### The records
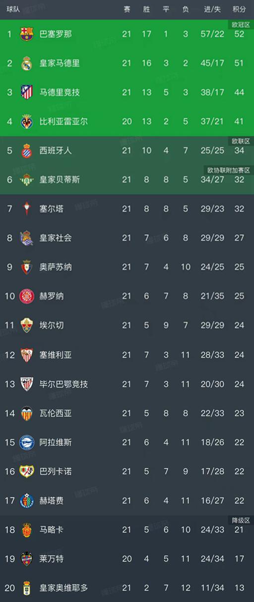 5分钟后皇家奥维耶多还是失误,拉菲尼亚单刀破门,第73分钟亚马尔锦上添花,最终巴萨3-0全取三分,积分上涨到52分,继续领跑,只不过只领先皇马1分,榜首的位置不稳。皇马本轮在客场凭借姆巴佩的双响,2-0战胜了比利亚雷亚尔,各条战线迎来三连胜,积分上涨到51分。比利亚雷亚尔遭遇赛季第5场败仗,以41分暂列第4名,已经落后了前两名至少10个积分,撼动皇马和巴萨的位置非常低。
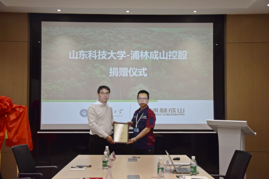 申兆亮代表学院、周博代表浦林成山控股有限公司共同签订合作协议和捐赠协议;李建楠、韩永芹分别与许晓林、袁铭辰为产学研基地、就业创业基地揭牌;李建楠为许晓林颁发了研究生德育导师聘书。
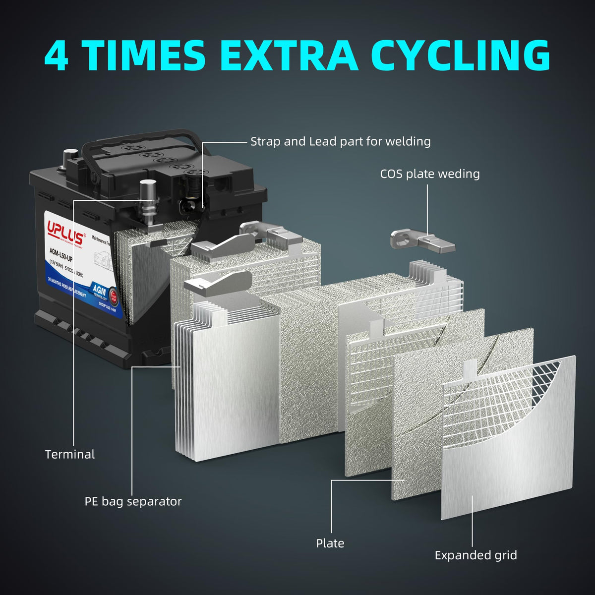 4 Times Extra Cycling Life: Featuring high-density negative paste and enhanced life alloy, the UPLUS battery offers four times the cycle life compared to standard conventional batteries, ensuring longevity and reliability.
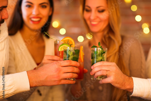young, man, woman, drinking, cocktail, alcohol, party, holiday, celebration, event, drink, bar, home, smiling, fun, red, green, rum, gin, vodka, mojito, mint, orange, happy, success, soft, youth, festive, friends, friendship, toast, cheer, evening, pub, tradition, people, beverage, club, beautiful, christmas, eatery, glasses, person, nightclub, holding, wedding
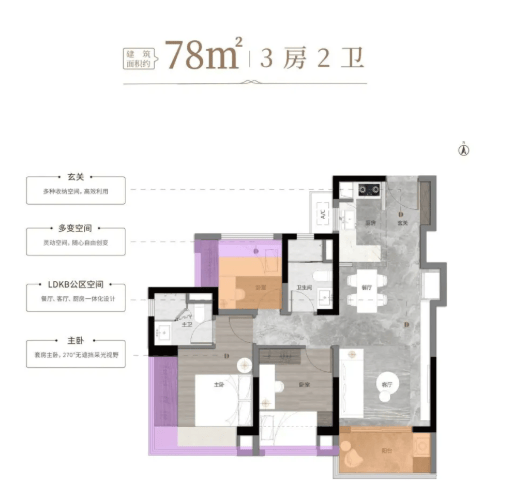 78㎡/88㎡三房两卫:紧凑实用,88㎡户型拥有6.25米超宽阳台,客厅开间约3.5米,主卧带L型飘窗,采光通透,功能齐全,适合年轻家庭。
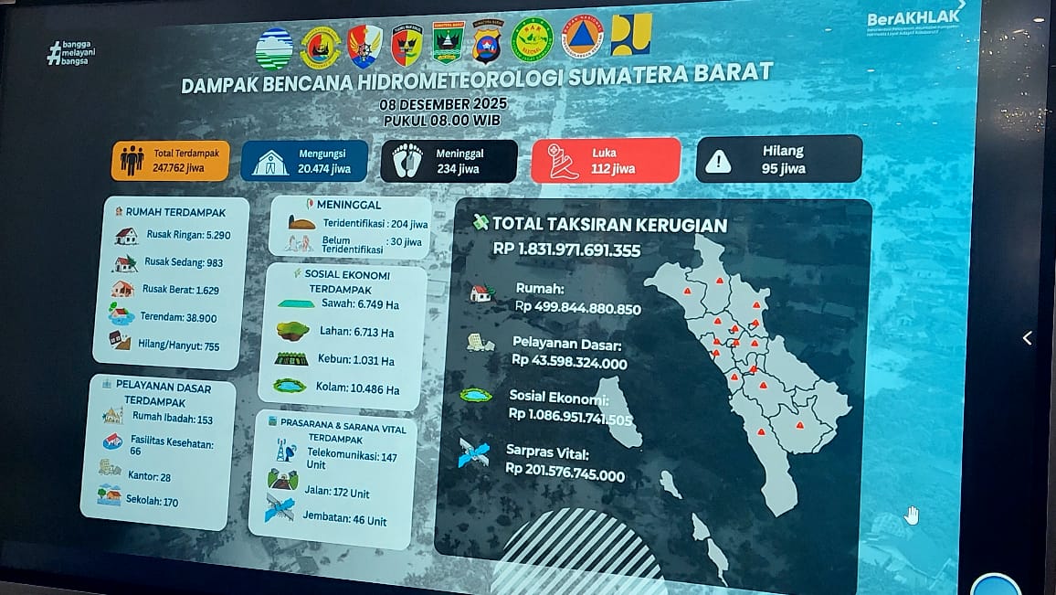 Data tersebut berasal dari laporan resmi Pemerintah Provinsi Sumatera Barat per 8 Desember 2025 pukul 08.00 WIB, yang mencatat sedikitnya 247.762 warga terdampak dengan tingkat kerusakan yang sangat luas dan berat.
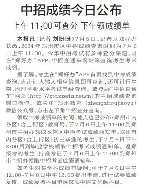 7月5日,记者从郑好办获悉,2024年郑州市区中招成绩查询时间为7月6日上午11:00。今年中招考试有多种查分渠道,可在“郑好办”APP、中招直通车网站等查询考生考试成绩。(今日《郑州日报》2版)
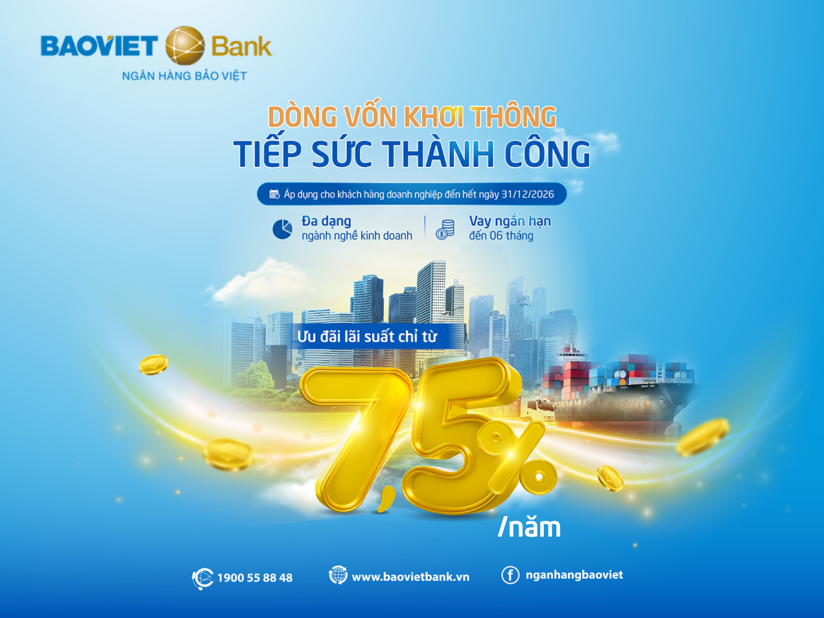 Đối với khách hàng doanh nghiệp, BAOVIET Bank đưa ra gói tín dụng ưu đãi 600 tỷ đồng với lãi suất chỉ từ 7,5%/năm, áp dụng xuyên suốt thời gian vay, giúp doanh nghiệp chủ động kế hoạch tài chính và kiểm soát chi phí vốn, đáp ứng đa dạng nhu cầu và ngành nghề kinh doanh, từ sản xuất, thương mại đến dịch vụ.
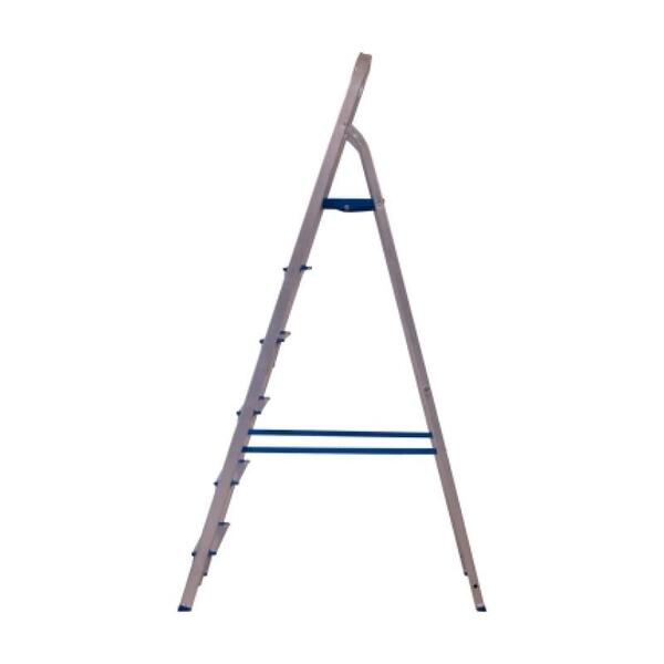 A escada residencial é perfeita para alcançar o alto da estante ou troca a lâmpada da cozinha. ela possui pés e degraus antiderrapantes e tem os pés fixados nos perfis de alumínio evitando que escapem. além disso conta com uma plataforma de plástico de altíssima resistência e travamento na parte superior que garante mais segurança de quem está usando. dados técnicos :: material: metal e plástico :: tipo de material: alumínio e polipropileno :: capacidade de peso: 120kg :: altura da escada fechada: 1 87m :: altura da escada aberta: 1 31m :: largura da escada aberta: 1 02m :: peso do produto: 4 50kg :: tipo: residencial :: cor: prata e azul :: uso indicado: doméstico

### What you have to do
Only the lines between the one with "nightclub, holding, wedding" and the one with "Đối với khách", those two included, get copied from the material above. Keep it exact and free of pictures.

### Answer space
young, man, woman, drinking, cocktail, alcohol, party, holiday, celebration, event, drink, bar, home, smiling, fun, red, green, rum, gin, vodka, mojito, mint, orange, happy, success, soft, youth, festive, friends, friendship, toast, cheer, evening, pub, tradition, people, beverage, club, beautiful, christmas, eatery, glasses, person, nightclub, holding, wedding
 78㎡/88㎡三房两卫:紧凑实用,88㎡户型拥有6.25米超宽阳台,客厅开间约3.5米,主卧带L型飘窗,采光通透,功能齐全,适合年轻家庭。
 Data tersebut berasal dari laporan resmi Pemerintah Provinsi Sumatera Barat per 8 Desember 2025 pukul 08.00 WIB, yang mencatat sedikitnya 247.762 warga terdampak dengan tingkat kerusakan yang sangat luas dan berat.
 7月5日,记者从郑好办获悉,2024年郑州市区中招成绩查询时间为7月6日上午11:00。今年中招考试有多种查分渠道,可在“郑好办”APP、中招直通车网站等查询考生考试成绩。(今日《郑州日报》2版)
 Đối với khách hàng doanh nghiệp, BAOVIET Bank đưa ra gói tín dụng ưu đãi 600 tỷ đồng với lãi suất chỉ từ 7,5%/năm, áp dụng xuyên suốt thời gian vay, giúp doanh nghiệp chủ động kế hoạch tài chính và kiểm soát chi phí vốn, đáp ứng đa dạng nhu cầu và ngành nghề kinh doanh, từ sản xuất, thương mại đến dịch vụ.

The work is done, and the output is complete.